“”
Tag

Financial Institution Archives - Page 5 of 6 - POPi/o

Illustration of people walking in smartphone with safety cones

The Science of Friction

By | Blog, Video Banking | No Comments

For months, financial services leaders have been wondering if Amazon will enter the mortgage market. Perhaps they’re asking the wrong question.

Whether or not Amazon offers mortgages doesn’t even matter because Quicken Loans’ Rocket Mortgage has already upended the financial services market. Quicken Loans is currently the nation’s top mortgage lender by volume, originating $20.5 billion in the first quarter of 2018. Rocket Mortgage not only streamlined the application process to eight minutes, it has reduced closing time on purchases to just 16 days.

Quicken Loans isn’t the only mortgage lender that has reduced friction for borrowers. In fact, so many lenders provide such an advanced mortgage lending experience, Amazon may take a pass on the mortgage market because they currently don’t see enough opportunity to gain a competitive advantage.

Most agree that credit unions and banks need to upgrade technology to provide a customer experience that competes with these fintechs. However, financial services leaders are wrong when they think better hardware, more digital delivery channels and improved efficiency are the answer.

Fintechs approach technology differently, baking in innovation instead of just bolting it on. They are organized around customer needs; the customer experience drives operational strategy. Traditional financial institutions, in contrast, are still focused on product and functional silos. Instead of supporting innovation by dynamically adjusting operations, most FIs change one process, function or technology at a time.

Digital channels have eliminated the curtain between front and back office operations. Customers expect automated applications that fill personal information fields from their account data and other sources. They expect tracking tools that keep them informed of exactly where their mortgage loan approval stands in real time.

This back office emphasis has produced a dramatic increase in application abandon rates. According to a 2016 SaleCycle blog,  consumers abandon a whopping 80 percent of online financial applications.

A common reason cited is the application process takes too long. According to a 2016 study by Signicat, the average online app took nearly 18 and a half minutes to complete.

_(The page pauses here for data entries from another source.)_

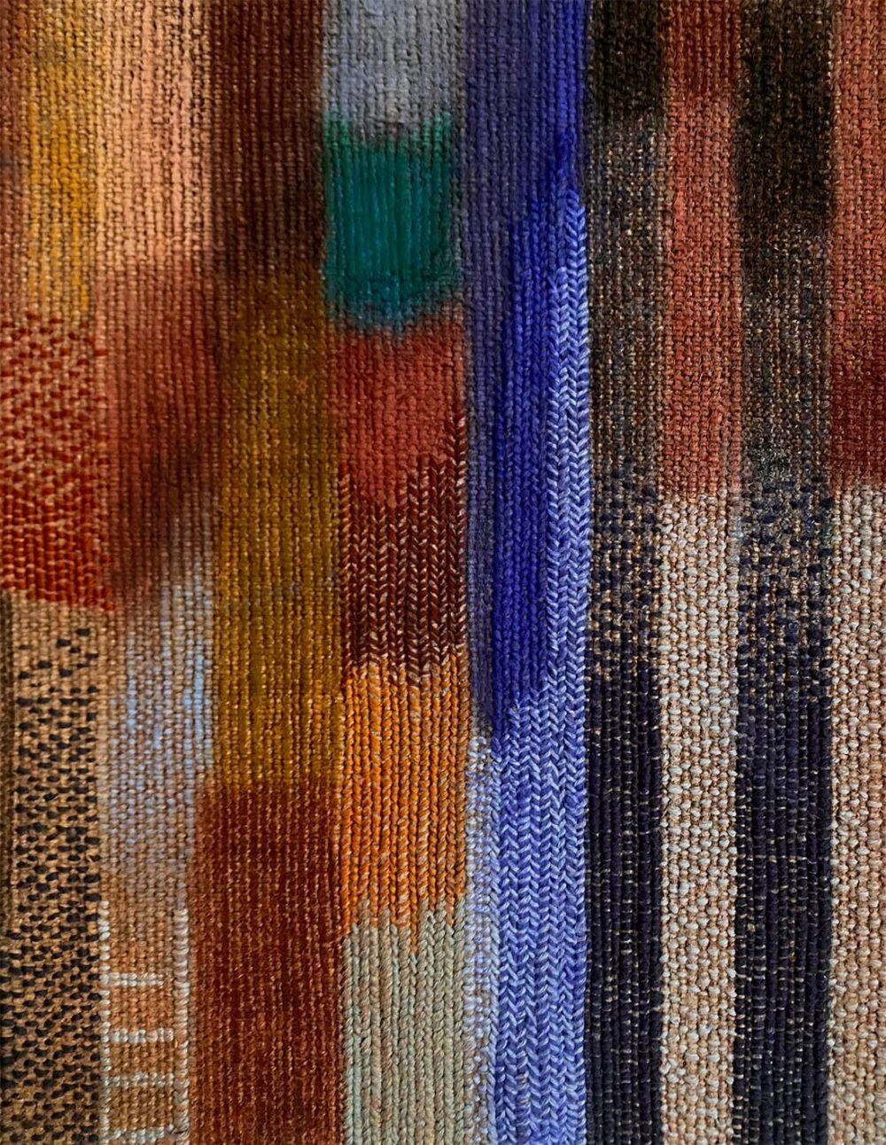 Acrylique, pigments, pastels et broderies sur toile de lin
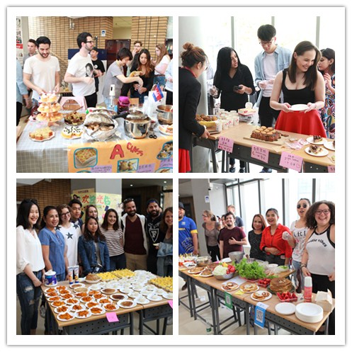 留学生们热情高涨,精心设计了各班的宣传海报,烹制了各国的传统风味美食,比如法国含羞草蛋糕、俄罗斯可丽饼、保加利亚甜点、日本龙田炸鸡、缅甸椰奶果冻、孟加拉炸饺子、瑞典肉丸等,另外还有各种口味的饮品,比如西班牙果酒、百香果特饮、斯里兰卡红茶、日本和韩国的清酒、烧酒、法式调酒等,真是琳琅满目,色香味俱全。这里不仅是各种美食文化相互交流碰撞的市场,也是中外师生进行汉语交流的场所。展台后的留学生用所学汉语跟“顾客”介绍菜名,宣传美味,甚至讨价还价,学以致用,兴致盎然。
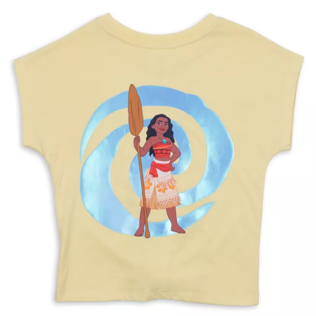 Find your light with this vibrant Moana fashion tee with a printed portrait of the island princess. The tie-front knot adds a stylish touch for your next adventure.
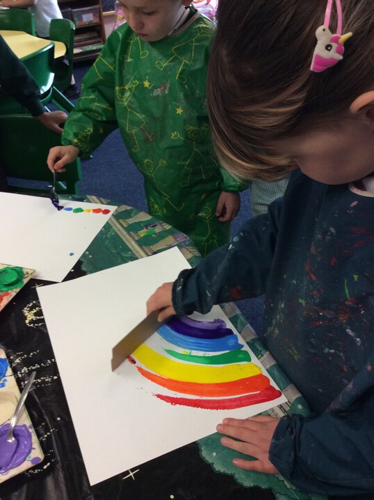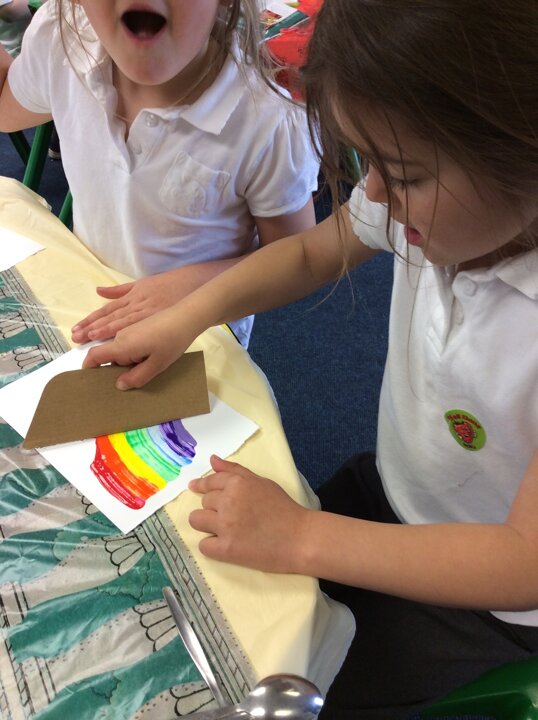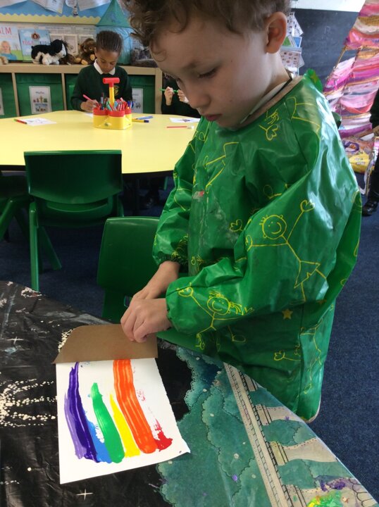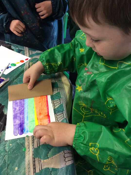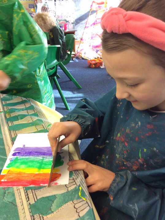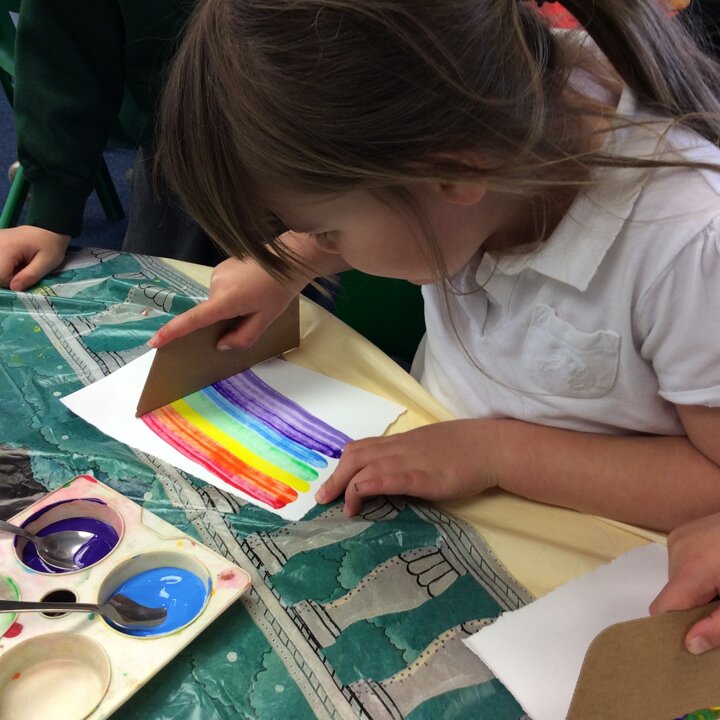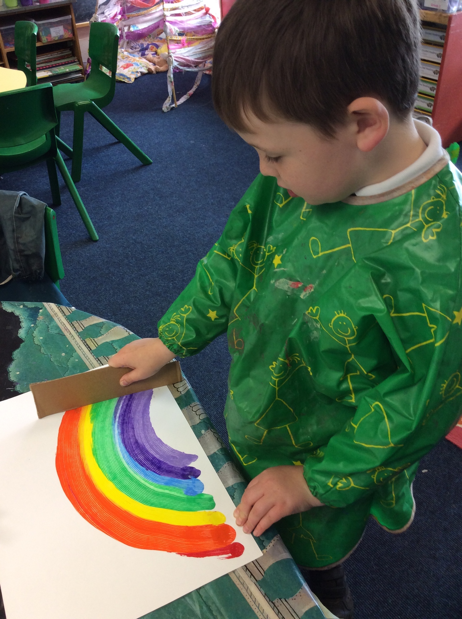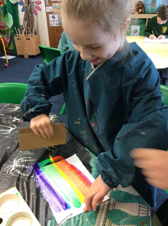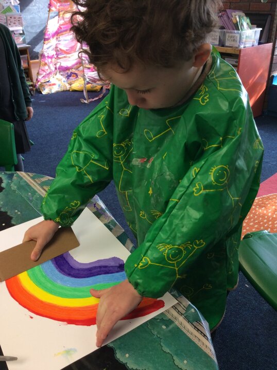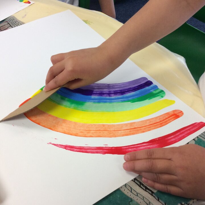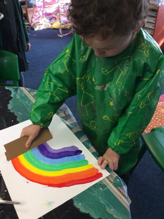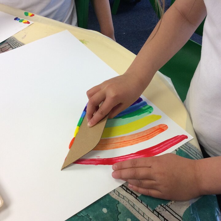The Year 1 & 2 children learnt a new technique of dragging paint across paper with a piece of cardboard to create a fabulous paint effect. They practised the technique on small pieces of paper first to learn how much pressure they needed to put on the cardboard and get a ‘feel’ of the technique. They loved it and are so proud of their rainbows (as am I!).
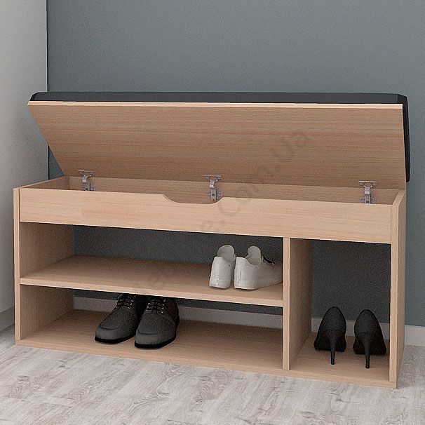 Тумба для взуття з відкритими полицями та м’яким сидінням.

Consumers also say too much personal information is needed when they apply for accounts or credit, a complaint that will continue to increase as data is more easily shared among connected organizations.

Financial institutions must reduce digital friction to maintain market share. The Financial Brand identified five ways banks and credit unions can improve their application process to reduce friction and improve abandonment rates. They include:

  1. Use mobile first design. That means minimizing fields, reducing keystrokes and minimizing scrolling because they take effort on mobile devices. Mobile is how your customers are increasingly interacting with your institution.
  2. Offer save and multichannel functionality. Requiring a restart always leads to high abandon rates.
  3. Make the experience 100% digital. It’s hard to believe this needs to be said in 2018, but requiring consumers to visit a branch to finalize an application makes abandonment rates skyrocket. All processes should support digital signatures and support electronic document submission.
  4. Onboard the requested product first. Resist the temptation to cross sell until after the application is complete.
  5. Recover abandoned applications. Collect the important information first, like name, email and phone number. Then, follow up on abandoned applications as quickly as possible. Not every abandoned app means the consumer changed their mind.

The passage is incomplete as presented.